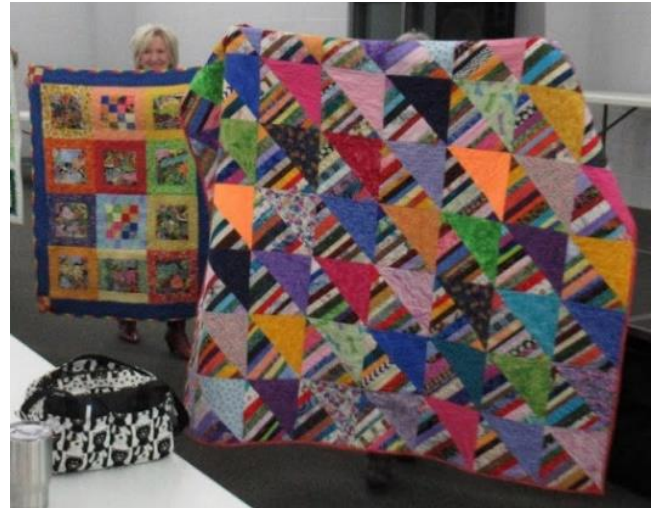
Some of the quilts donated to our Community Quilts program
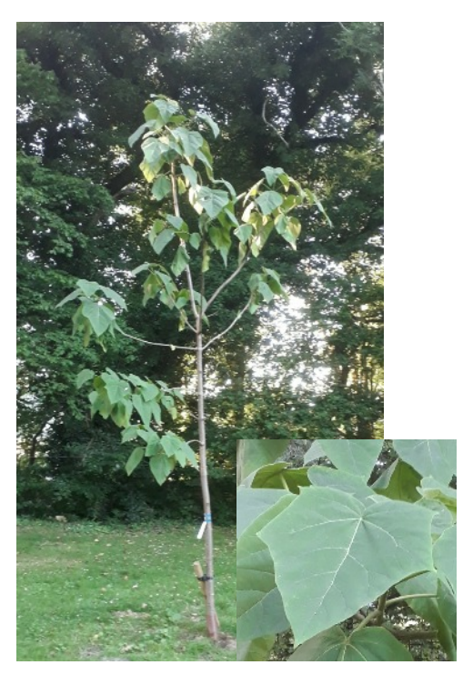
Paulownia Tomentosa in the park today
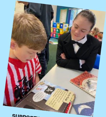
SUPPORTING EACH OTHER IN READING THROUGHOUT THE SCHOOL WAS A FABULOUS ADDITION TO WORLD BOOK DAY.
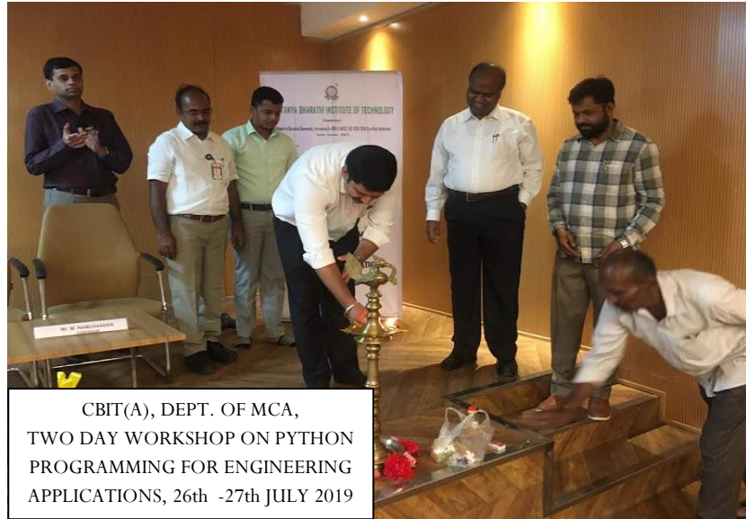
The Principal - CBIT, HOD of MCA, Speakers and faculty at the Inaugural of the Workshop
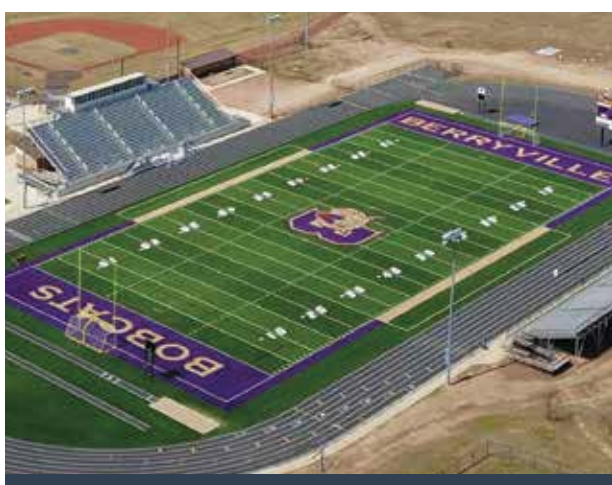
Berryville, AR - Berryville Track & Field
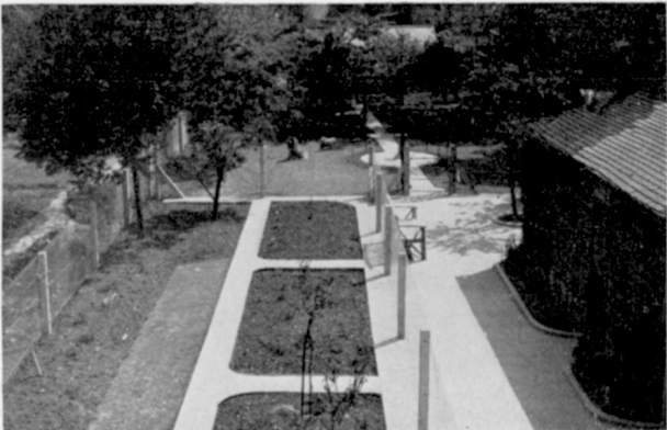
Showing part of the very beautiful surroundings of the MELCHUNG Kennels

This year has been a very successful one, and all dogs and bitches have been continually winning up and down the

Task brief → What is needed is the whole listing again, exactly as written, with the images left out.

Task answer →
Some of the quilts donated to our Community Quilts program
Paulownia Tomentosa in the park today
SUPPORTING EACH OTHER IN READING THROUGHOUT THE SCHOOL WAS A FABULOUS ADDITION TO WORLD BOOK DAY.
The Principal - CBIT, HOD of MCA, Speakers and faculty at the Inaugural of the Workshop
Berryville, AR - Berryville Track & Field
Showing part of the very beautiful surroundings of the MELCHUNG Kennels

This year has been a very successful one, and all dogs and bitches have been continually winning up and down the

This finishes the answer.